Cette ligne a été écrite par des groupes qui n’ont rien à mettre en ligne. Elle va maintenant être discutée avec des groupes qui ont tout.

Casinos de France compte déjà parmi ses membres Circus Casino France, c’est-à-dire Gaming1, qui exploite Circus.be sur sa propre plateforme depuis quinze ans. Novomatic, avec Vikings, opère Greentube dans toute l’Europe. Merkur, avec la Société Française de Casinos, possède Blueprint Gaming et Bede. Chaque agrément ministériel leur donne une voix dans la profession, et ils vont s’en servir. Ces opérateurs n’ont aucun intérêt à retarder l’ouverture. Ils ont intérêt à l’accélérer et à la cadrer sur le modèle belge ou suisse, licences réservées aux terrestres, puisqu’ils ont déjà le produit. Ils n’ont pas acheté des murs en France pour attendre.

La position historique va donc bouger, et pas parce que Barrière et Partouche l’auront décidé. Chaque casino repris par un industriel, chaque concession remportée en 2027 et 2028, déplace le centre de gravité du syndicat vers ceux qui veulent l’ouverture. Le jour où la moitié de la Côte d’Azur expliquera à Bercy qu’elle est prête, l’argument des 65 fermetures ne tiendra plus. Et si le syndicat obtient l’exclusivité qu’il réclame, il l’aura obtenue pour Novomatic, Merkur et Gaming1, qui mettront leur plateforme en ligne le lendemain, pendant que Barrière et Partouche chercheront un fournisseur. Probablement parmi eux.
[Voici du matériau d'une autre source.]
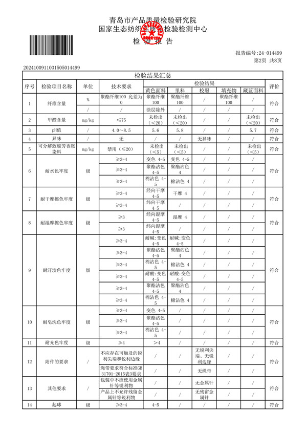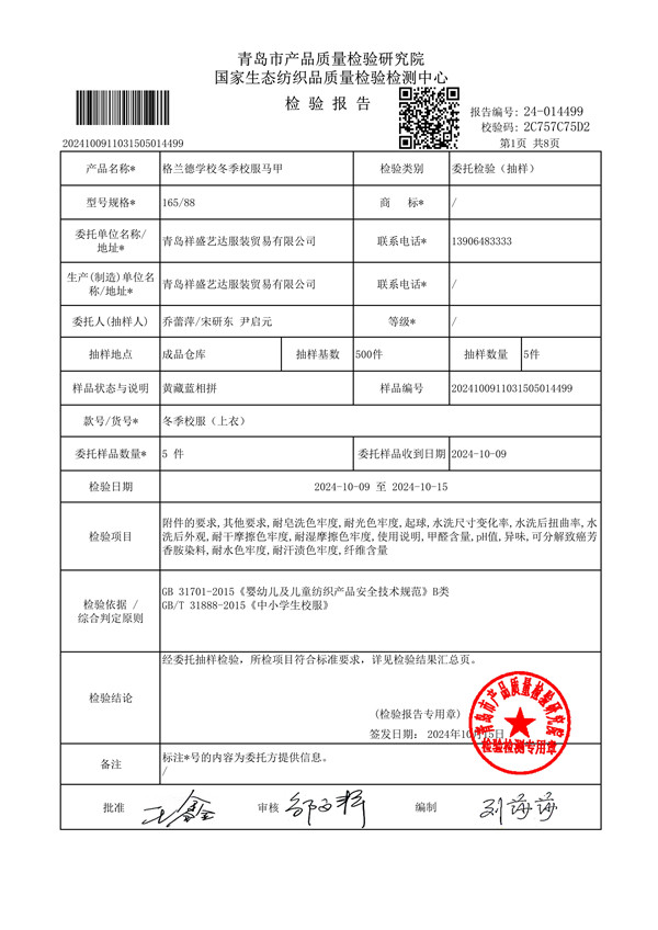 青岛格兰德小学青岛格兰德中学2024-2025学年学生棉背心质检报告公示

Le syndicat a gagné deux ans en 2024. Ses membres historiques n’en ont rien fait. Ses nouveaux membres ont utilisé ce temps pour entrer dans la place, agrément en main.

Le 25 avril 2027, la concession de Lille arrive à terme. Cinquième casino de France, 54,18 millions, en léger repli. Si un dossier étranger se présente, la question ne sera plus de savoir laquelle des deux familles l’emporte. Elle sera de savoir si l’une des deux est encore dans la course.

Barrière et Partouche ont eu vingt ans pour se préparer à la concurrence. Elle est là.